(Dataset items)
___
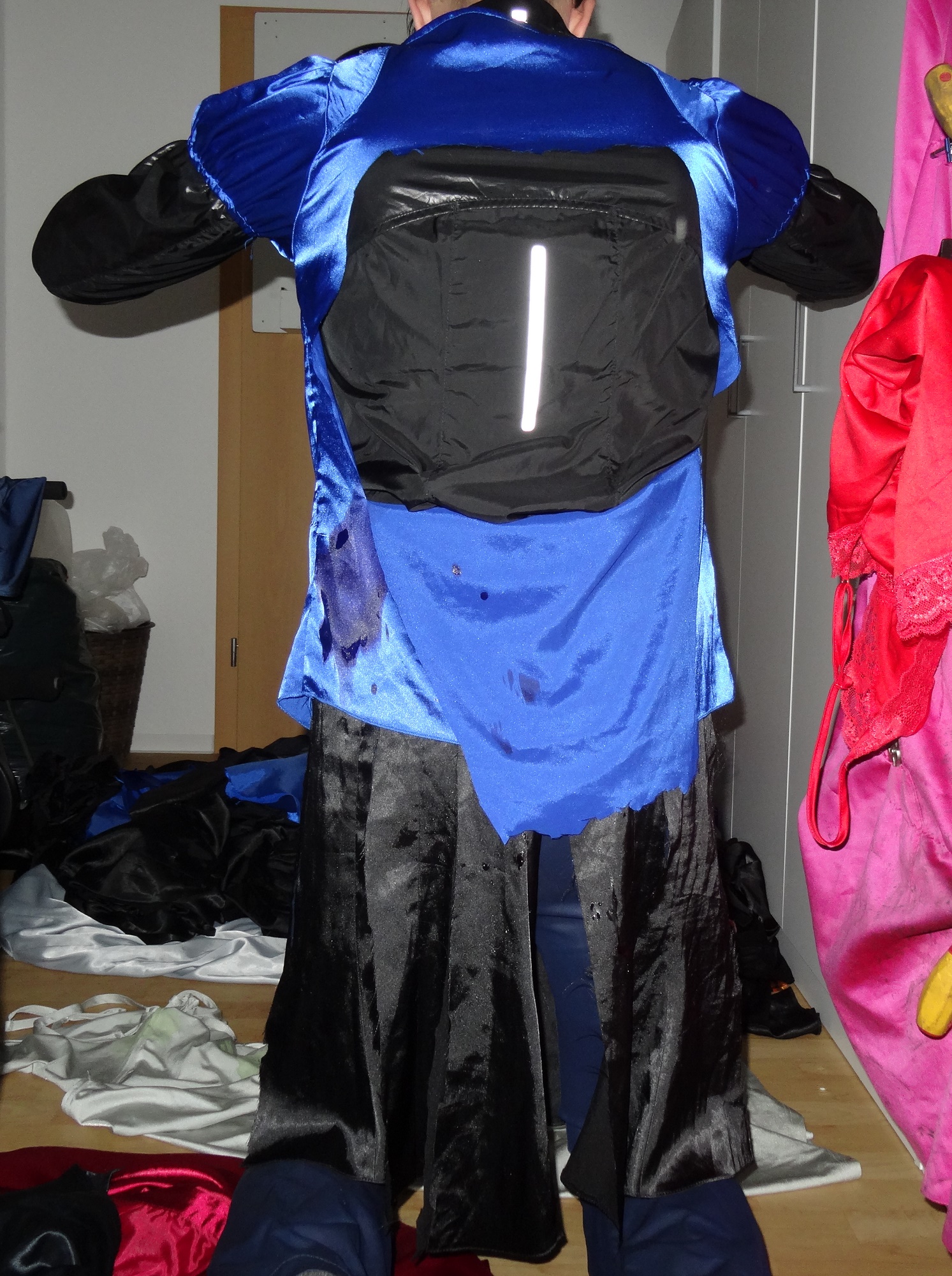 Dazu 'ne Schwarze Stoff oder Satinhose.
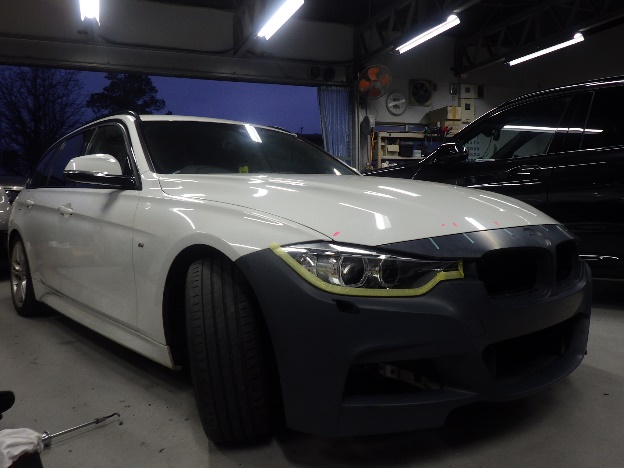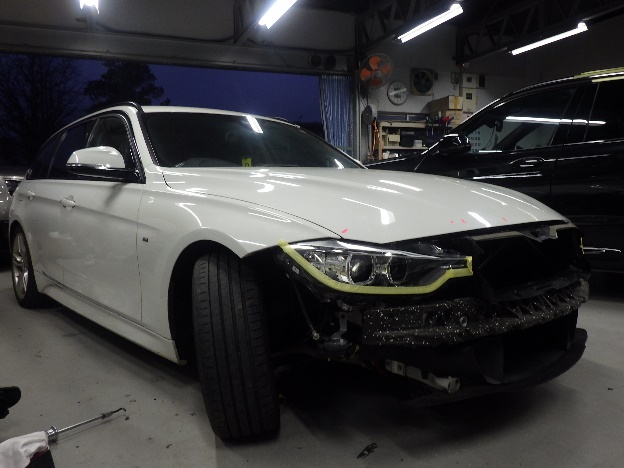 部品の交換作業の後、ヘッドライト → フロントバンパーの順に、
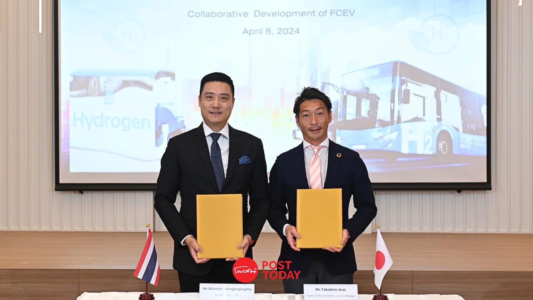 นายทาคาฮิโระ อาราอิ (Takahiro Arai) ผู้จัดการทั่วไปฝ่ายวัตถุดิบยานยนต์และเศรษฐกิจนิเวศ บริษัท โตโยต้า ทูโช คอร์ปอเรชั่น จำกัด (TOYOTA TSUSHO CORPORATION) และ นายจุน คาวามูระ ผู้อำนวยการส่วนพัฒนาโซลูชั่นพลังงาน บริษัท เดนโซ่ คอร์ปอเรชั่น จำกัด (DENSO CORPORATION) ร่วมลงนามในพิธีประกาศความร่วมมือระหว่างสามฝ่าย ซึ่งเป็นการประกาศจับมือกับบริษัท เน็กซ์ พอยท์ จำกัด (มหาชน) หรือ NEX เพื่อร่วมกันพัฒนาเทคโนโลยียานยนต์ไฟฟ้าพาณิชย์ พลังงานไฮโดรเจน รายแรกในประเทศไทย
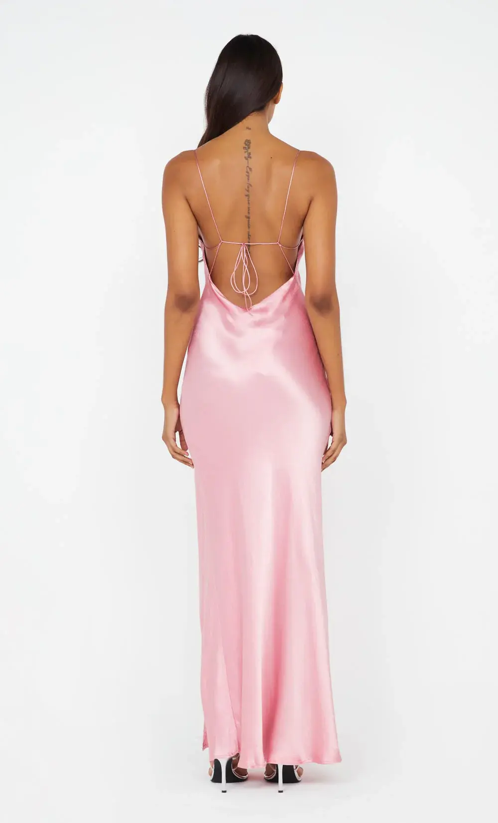 The BEC + BRIDGE Ayala Cowl Maxi Dress is cut on the bias and features a cowl neckline, mid thigh leg split and thin cord shoulder straps that tie at a statement open cowl back.
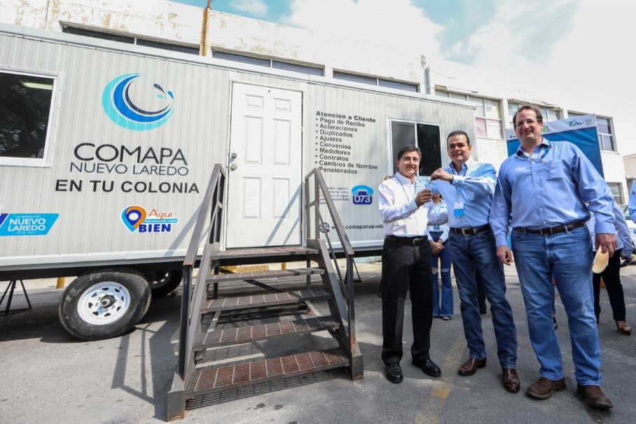 El presidente municipal y el Gerente General de la COMAPA, Luis Roberto Moreno Hinojosa, recorrieron el interior del módulo móvil y constataron que esté equipado para brindar un buen servicio a la ciudadanía.
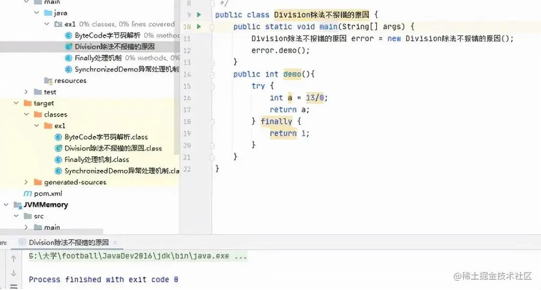 Java编译器使用了一种比傻的方式来组织finally的字节码。它分别在try,catch的正常执行路径上,复制了一份finally代码。追加在正常执行的后面。同时,再复制一份到其他异常执行逻辑出口处。(相当于对于字节码来说,如果异常中有finally的异常表。那么它会把自己的异常在try中,catch中各复制一份。怪不得finally一定能走到。有段时间还以为finally是异步达到的必然执行的效果)。
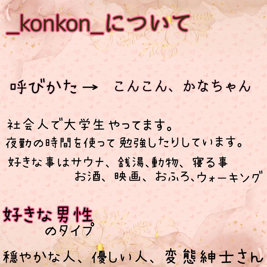 お仕事の事や住まいなど、しつこく詮索する方は苦手です。 相手の気持ちになって考えてから発言出来る人、優しい人に心を開きます❤️
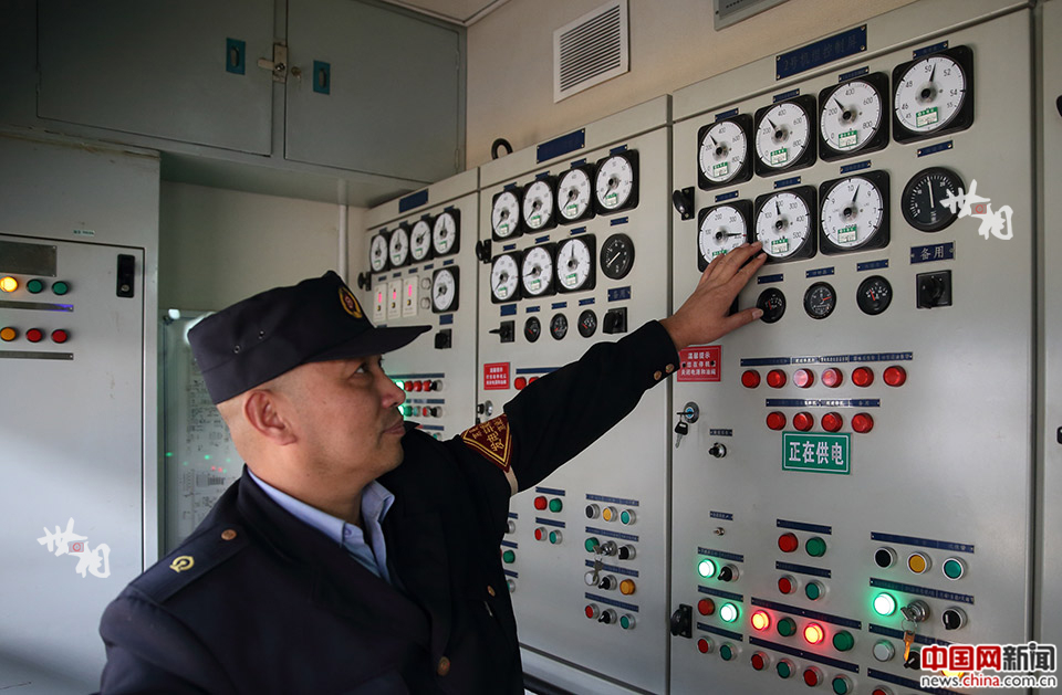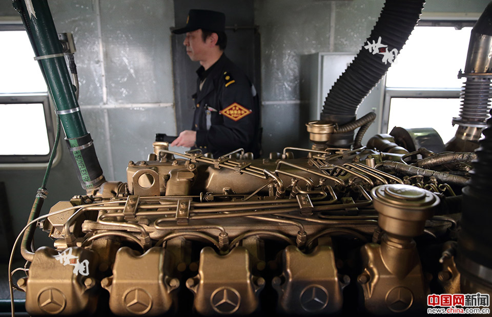 “离开控制间不要超过10分钟。”控制屏机房的门上有一行提示的字。狭长的控制屏机房不足两平方米,除了一面墙上四组控制屏,只能放下两把椅子。控制屏机房的一面墙上布满仪表,记录柴油机组的油压、水温,发电机组的频率、电压、电流。如果仪表有不正常的情况,乘务员必须第一时间进行应急处理。
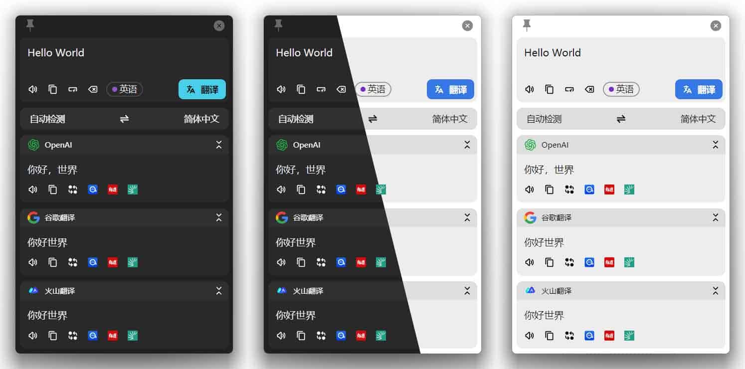 - 鼠标选中文字、快捷键触发即可显示翻译窗口;截图模式可直接框选图片文字实现一键翻译。
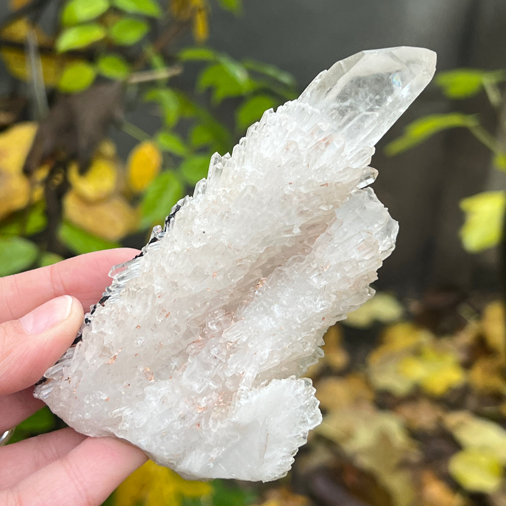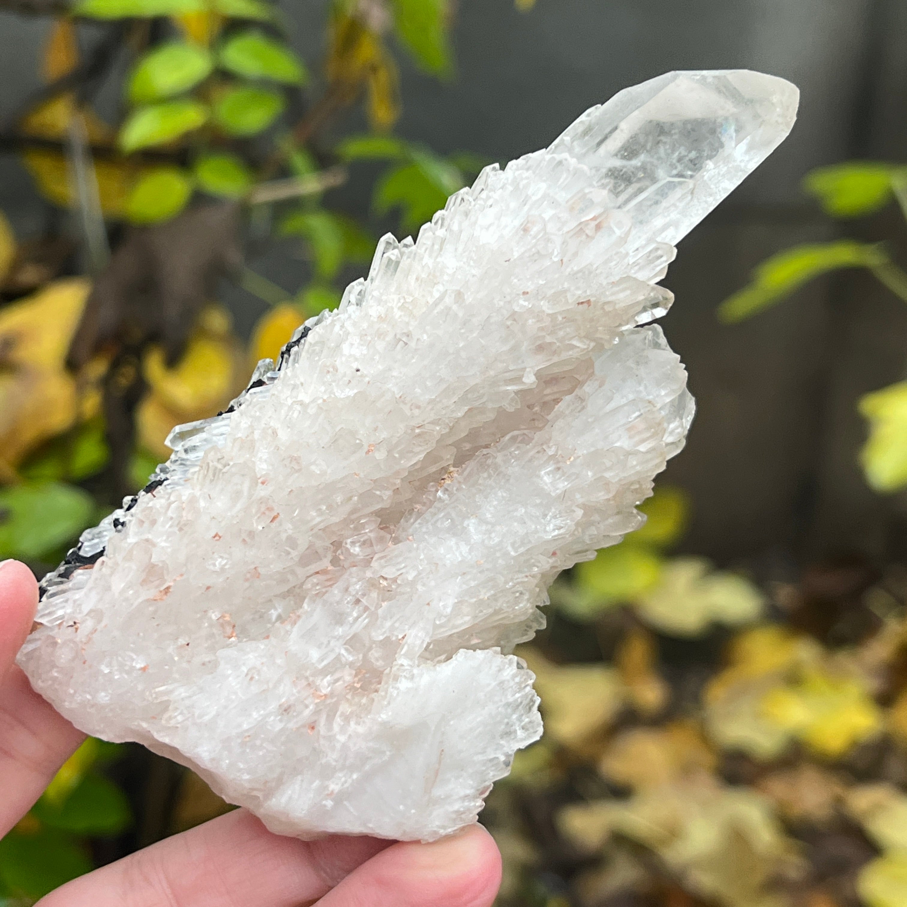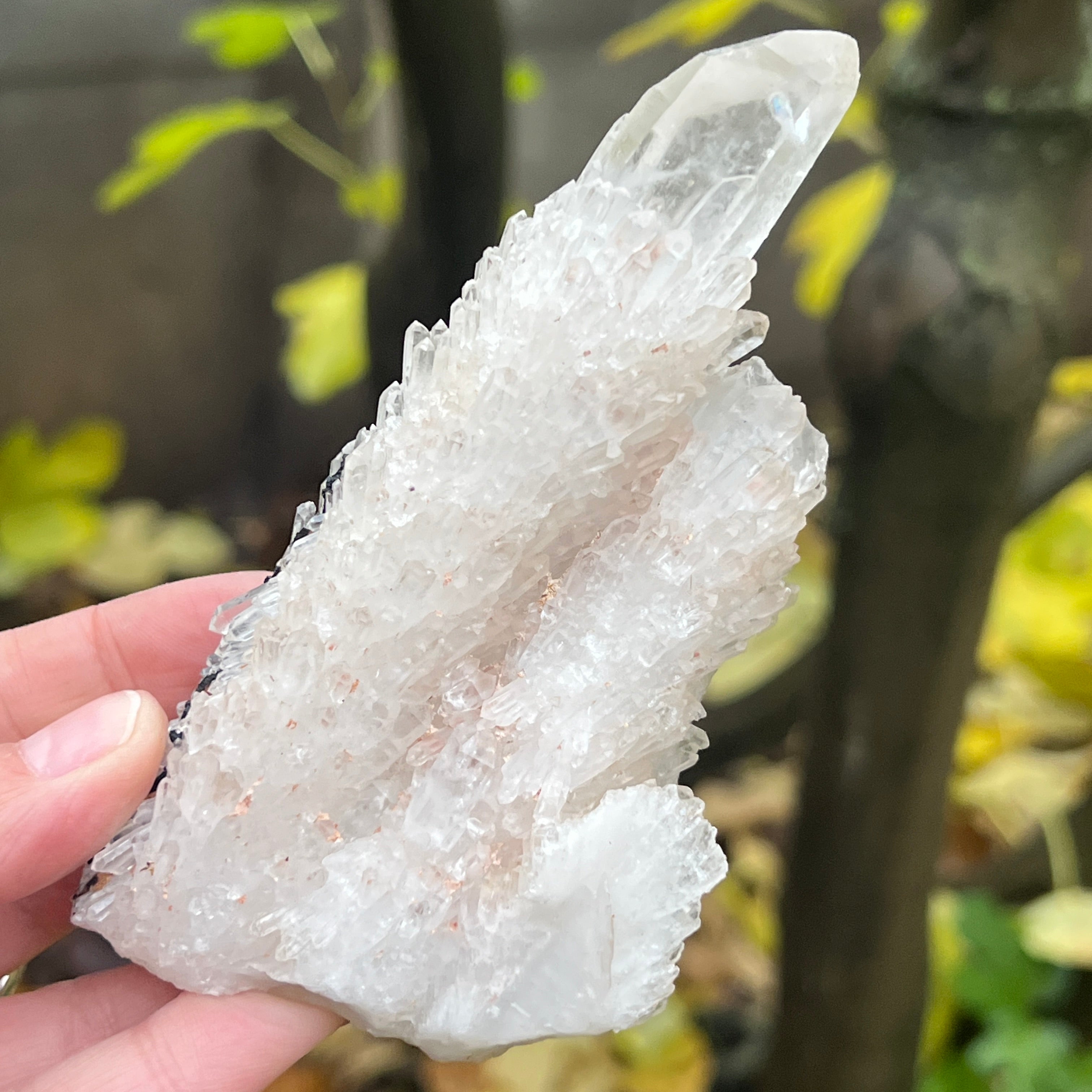 Un vârf care pare sculptat de lumină însăși. Cuartul celest, cunoscut și ca cuart lumânare, îmbină forța unui cristal de cuarț cu blândețea și strălucirea unei flăcări interioare. Forma sa unică, asemănătoare unui ananas cristalin, emană o energie de purificare profundă și de conectare cu planurile superioare ale conștiinței.
___
◆ **Problem description**:
Copy the records exactly, leaving out every picture.

◆ **Written solution**:
 Dazu 'ne Schwarze Stoff oder Satinhose.
 部品の交換作業の後、ヘッドライト → フロントバンパーの順に、
 นายทาคาฮิโระ อาราอิ (Takahiro Arai) ผู้จัดการทั่วไปฝ่ายวัตถุดิบยานยนต์และเศรษฐกิจนิเวศ บริษัท โตโยต้า ทูโช คอร์ปอเรชั่น จำกัด (TOYOTA TSUSHO CORPORATION) และ นายจุน คาวามูระ ผู้อำนวยการส่วนพัฒนาโซลูชั่นพลังงาน บริษัท เดนโซ่ คอร์ปอเรชั่น จำกัด (DENSO CORPORATION) ร่วมลงนามในพิธีประกาศความร่วมมือระหว่างสามฝ่าย ซึ่งเป็นการประกาศจับมือกับบริษัท เน็กซ์ พอยท์ จำกัด (มหาชน) หรือ NEX เพื่อร่วมกันพัฒนาเทคโนโลยียานยนต์ไฟฟ้าพาณิชย์ พลังงานไฮโดรเจน รายแรกในประเทศไทย
 The BEC + BRIDGE Ayala Cowl Maxi Dress is cut on the bias and features a cowl neckline, mid thigh leg split and thin cord shoulder straps that tie at a statement open cowl back.
 El presidente municipal y el Gerente General de la COMAPA, Luis Roberto Moreno Hinojosa, recorrieron el interior del módulo móvil y constataron que esté equipado para brindar un buen servicio a la ciudadanía.
 Java编译器使用了一种比傻的方式来组织finally的字节码。它分别在try,catch的正常执行路径上,复制了一份finally代码。追加在正常执行的后面。同时,再复制一份到其他异常执行逻辑出口处。(相当于对于字节码来说,如果异常中有finally的异常表。那么它会把自己的异常在try中,catch中各复制一份。怪不得finally一定能走到。有段时间还以为finally是异步达到的必然执行的效果)。
 お仕事の事や住まいなど、しつこく詮索する方は苦手です。 相手の気持ちになって考えてから発言出来る人、優しい人に心を開きます❤️
 “离开控制间不要超过10分钟。”控制屏机房的门上有一行提示的字。狭长的控制屏机房不足两平方米,除了一面墙上四组控制屏,只能放下两把椅子。控制屏机房的一面墙上布满仪表,记录柴油机组的油压、水温,发电机组的频率、电压、电流。如果仪表有不正常的情况,乘务员必须第一时间进行应急处理。
 - 鼠标选中文字、快捷键触发即可显示翻译窗口;截图模式可直接框选图片文字实现一键翻译。
 Un vârf care pare sculptat de lumină însăși. Cuartul celest, cunoscut și ca cuart lumânare, îmbină forța unui cristal de cuarț cu blândețea și strălucirea unei flăcări interioare. Forma sa unică, asemănătoare unui ananas cristalin, emană o energie de purificare profundă și de conectare cu planurile superioare ale conștiinței.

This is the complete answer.